自身が俳優としての、映画での転機だと認めている『凶銃ルガーP08』(94)を、たまたまリアルタイムで見ているのが僕の場合はラッキーだった。大藪春彦原作で、ヒトラーが自殺した時に使った銃が人から人にわたり、そのたびに持ち主の運命は狂う……というストーリー。まあ、要は「妖刀村正」伝説をバタくさく置き換えてるのだが、阿部ちゃん演じるふつうのサラリーマンが偶然ルガーを手にしておかしくなっていくようすには、「頭打ちのトレンディ俳優がイメチェンにがんばってる」以上のアブないものが出ていた。同年の、東宝の夏休み特撮もの『ヤマトタケル』でも大げさな悪役振りで孤軍奮闘していて、マイナスポイントになりかけていた「長身で二枚目」を逆手にとろうとしている気迫を感じ、すっかり「阿部ちゃん」に好感を持ったのだ。

その後のことはだいぶ端折る。
2006年の主演コメディ『結婚できない男』(フジ)は、間違いなくここ数年のテレビドラマの最高作のひとつで、阿部寛のいったんのピーク。自身も、ドラマはこれでまず一度やり切れた、という手ごたえがあるそうだ。(本人にインタビューをした先輩ライターに教えてもらった)
「見た目はカッコいいのに中身は幼稚」な主人公の、ニコリともしない真面目な行動がいちいち笑いを呼ぶ。このおかしさはどこから滲み出るのだろう、と放送時に感心していたら、友人のディレクターが「猫背だよ」とズバリ教えてくれた。そういえば彼も身長は180cm近くあり、時々、エレベーターや屋内で居心地が悪そうなポーズをとる。文系なので使い道の無い長身をもてあましてきた彼から見ると、『結婚できない男』の阿部ちゃんの猫背演技は、もうやめてくれ、とわき腹がくすぐったくなるぐらい絶妙なのだそうだ。
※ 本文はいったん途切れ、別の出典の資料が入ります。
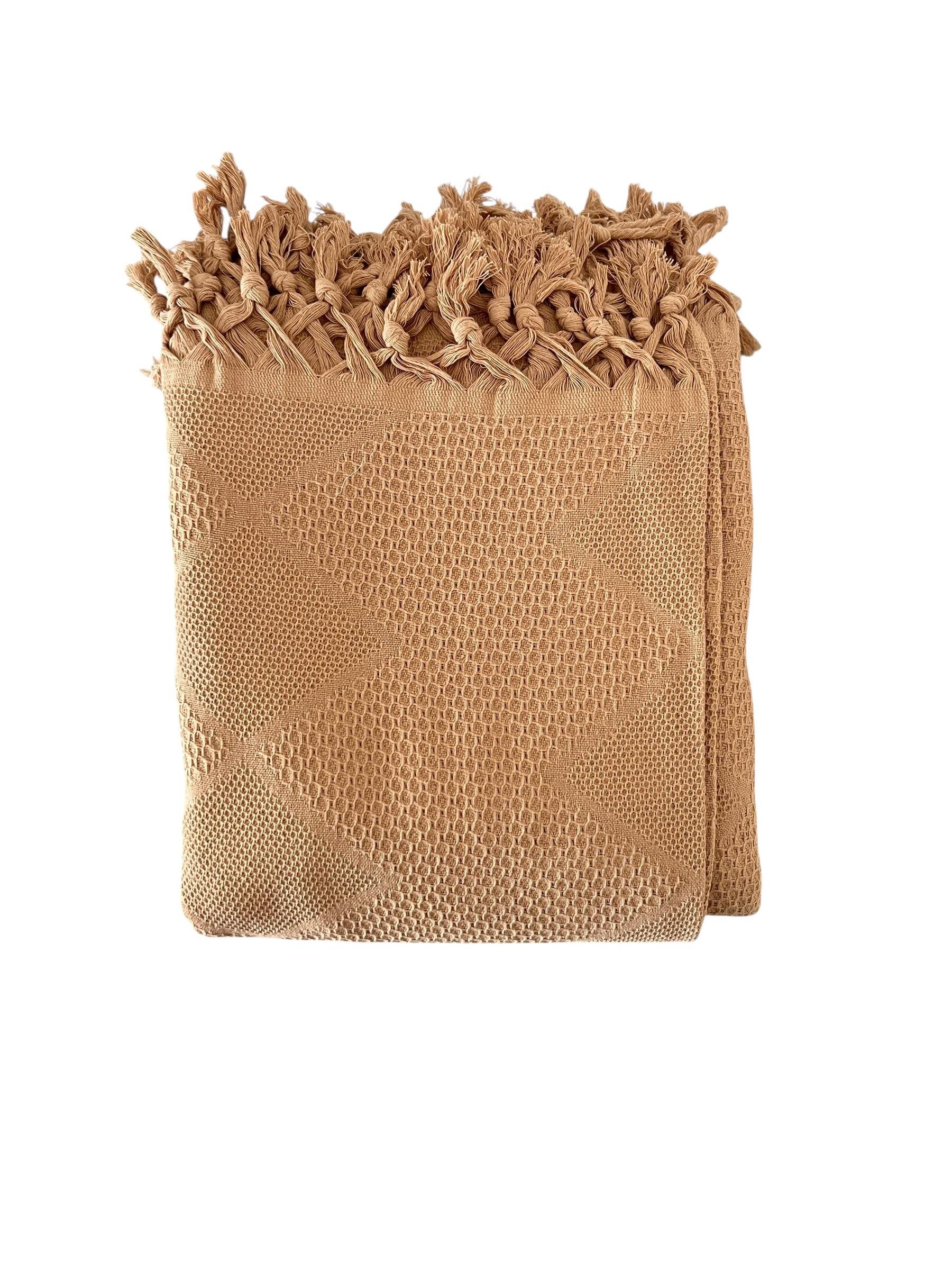Ring ipliğe altı saçaklı yumuşak dokuma pike 220 × 240 cm karamel
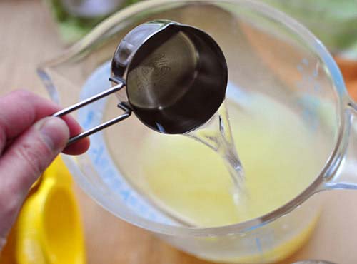 - Chanh sau khi mua về, rửa sạch bằng nước rồi vắt lấy nước cốt, lọc bỏ hạt. Sau đó trộn đều nước cốt chanh với 300ml nước lọc đến khi thu được hỗn hợp đồng nhất.

この、長身をもてあます、というポイントは出演映画のほうではあまりなかった。
演技力がしっかり定評となってからは、『姑獲鳥の夏』、『死刑台のエレベーター』などから大ヒット作『テルマエロマエ』まで、全体に、長身を活かす方向だった。『死刑台のエレベーター』では、国境なき医師団に参加して死地をくぐった経験から殺人にためらいがなくなった医師という、やはりバタくさいキャラクターをタッパを活かして演じ、〈ポスト優作〉のイメージに接近していたぐらいだ。
なので余計に、(ようやく話は戻るが)『つやのよる』の冒頭、研いだ包丁を脇に抱え、何かを思い詰めて自転車に乗る主人公の姿を見て、久々に、オーッ、阿部ちゃんが「もてあましてる」ぞと、嬉しくなったのだった。
彼が漕いでいるのは内縁の女性「つや」の自転車、つまりママチャリで、長い脚とペダルのサイズが合わないから、上半身は大きくて迫力があるのに、ペダルを漕ぐ下半身は漫画のコマ送りみたいにせわしない。動きがやたらと喜劇的なのだ。そういう見た目によって主人公の、自分以外のたくさんの男と関係を持った「つや」への狂おしい愛憎、思い込みと焦燥がビンビンと伝わるようになっている。うまい演出をするなあ、と行定勲監督をかなり見直した。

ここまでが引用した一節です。